Suatu model lokal bersifat lebih fleksibel, yang dalam konteks spasial, artinya setiap daerah/lokasi dapat memiliki model masing-masing.
Geographically Weighted Regression (GWR) merupakan salah satu model yang bersifat lokal. Beberapa keuntungan dengen menggunakan model ini, diantaranya adalah kita dapat:
menduga galat baku lokal
menghitung ukuran leverage lokal
melakukan pengujian terhadap signifikansi keragaman spasial pada penduga parameter lokal
menguji apakah model lokal lebih baik daripada model global
Terdapat salah satu stand-alone software untuk melakukan GWR, yaitu software GWR yang dapat diakses melalui http://ncg.nuim.ie/ncg/GWR/. Selain itu, pada R software, terdapat beberapa package yang dapat digunakan untuk membangun model GWR, yaitu:
GWmodel
spgwr
gwrr
Pada modul ini akan dibahas pemodelan GWR menggunakan package spgwr
.
library(spgwr)
data(columbus)
attach(columbus)
colex0 <- lm(CRIME ~ (INC + HOVAL))
summary(colex0)
##
## Call:
## lm(formula = CRIME ~ (INC + HOVAL))
##
## Residuals:
## Min 1Q Median 3Q Max
## -34.418 -6.388 -1.580 9.052 28.649
##
## Coefficients:
## Estimate Std. Error t value Pr(>|t|)
## (Intercept) 68.6190 4.7355 14.490 < 2e-16 ***
## INC -1.5973 0.3341 -4.780 1.83e-05 ***
## HOVAL -0.2739 0.1032 -2.654 0.0109 *
## ---
## Signif. codes: 0 '***' 0.001 '**' 0.01 '*' 0.05 '.' 0.1 ' ' 1
##
## Residual standard error: 11.43 on 46 degrees of freedom
## Multiple R-squared: 0.5524, Adjusted R-squared: 0.5329
## F-statistic: 28.39 on 2 and 46 DF, p-value: 9.341e-09
Berikut ini apabila pemeriksaan sisaan dilakukan secara visual.
resid<-residuals(colex0)
par(mfrow=c(2,2))
qqnorm(resid); qqline(resid, col="red");
plot(resid~fitted(colex0),xlab = "Predicted Values",ylab = "Residuals")
abline(h=0, col="red")
hist(resid) #histogram utk residual
plot(1:nrow(columbus), resid, pch=20,type="b")
abline(h=0, col="red")
Berikut ini salah satu contoh untuk memeriksa asumsi pada sisaan menggunakan uji formal.
shapiro.test(resid)
##
## Shapiro-Wilk normality test
##
## data: resid
## W = 0.97708, p-value = 0.4497
lmtest::bptest(colex0)
##
## studentized Breusch-Pagan test
##
## data: colex0
## BP = 7.2166, df = 2, p-value = 0.0271
library(spdep)
## Loading required package: sf
## Linking to GEOS 3.8.0, GDAL 3.0.4, PROJ 6.3.1
coords<-columbus[c("X","Y")]
jarak<-as.matrix(1/dist(coords))
lm.morantest(colex0,listw=mat2listw(jarak), alternative="two.sided")
##
## Global Moran I for regression residuals
##
## data:
## model: lm(formula = CRIME ~ (INC + HOVAL))

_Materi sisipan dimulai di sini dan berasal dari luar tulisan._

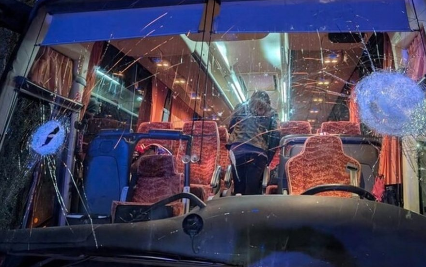 Pas ndeshjes, autobusi u largua nga arena dhe papritmas disa tifozë të ekipit Sebastiani Basket nga Rieti hodhën gurë, gurë dhe sende të tjera drejt autobusit ndërsa ai po largohej nga qyteti pas ndeshjes së luajtur në PalaSojourner. Autobusi u godit nga gurë të hedhur në pjesën e përparme, dhe xhami i përparmë u thye nga një gur, pikërisht në lartësinë e sediljes ku shoferi me shumë gjasa ishte ulur pranë shoferit. Xhami i përparmë është gjithashtu i çarë, por jo i thyer në anën e shoferit.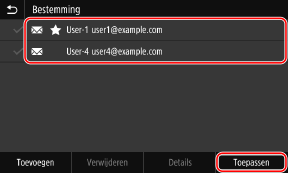 Selecteer de selectievakjes van de bestemmingen die u aan de groep wilt toevoegen, en druk op [Toepassen].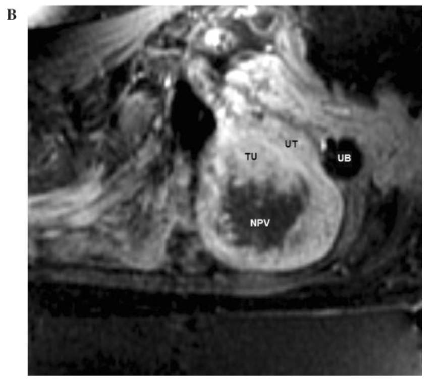 A:治疗前的核磁共振显像,TU:子宫腺肌症病灶

## weights: mat2listw(jarak)
##
## Moran I statistic standard deviate = 5.3215, p-value = 1.029e-07
## alternative hypothesis: two.sided
## sample estimates:
## Observed Moran I Expectation Variance
## 0.090950110 -0.024788597 0.000473023
colex <- lm(CRIME ~ (INC + HOVAL)*(X + Y))
summary(colex)
##
## Call:
## lm(formula = CRIME ~ (INC + HOVAL) * (X + Y))
##
## Residuals:
## Min 1Q Median 3Q Max
## -18.5556 -7.6351 -0.6181 7.8363 30.1948
##
## Coefficients:
## Estimate Std. Error t value Pr(>|t|)
## (Intercept) 108.97559 69.36676 1.571 0.1241
## INC -5.82949 3.84408 -1.516 0.1373
## HOVAL 0.27337 0.82049 0.333 0.7407
## X -0.76287 1.13692 -0.671 0.5061
## Y -0.26332 1.21420 -0.217 0.8294
## INC:X -0.01854 0.05396 -0.344 0.7329
## INC:Y 0.13949 0.08004 1.743 0.0891 .
## HOVAL:X 0.03159 0.01549 2.040 0.0480 *
## HOVAL:Y -0.05034 0.02196 -2.293 0.0272 *
## ---
## Signif. codes: 0 '***' 0.001 '**' 0.01 '*' 0.05 '.' 0.1 ' ' 1
##
## Residual standard error: 11.04 on 40 degrees of freedom
## Multiple R-squared: 0.6375, Adjusted R-squared: 0.5649
## F-statistic: 8.791 on 8 and 40 DF, p-value: 7.663e-07
Perhatikan bahwa R-square pada model ini sudah lebih baik dibandingkan dengan model regresi klasik, namun perhatikan pula bahwa peubah yang signifikan hanyalah sedikit.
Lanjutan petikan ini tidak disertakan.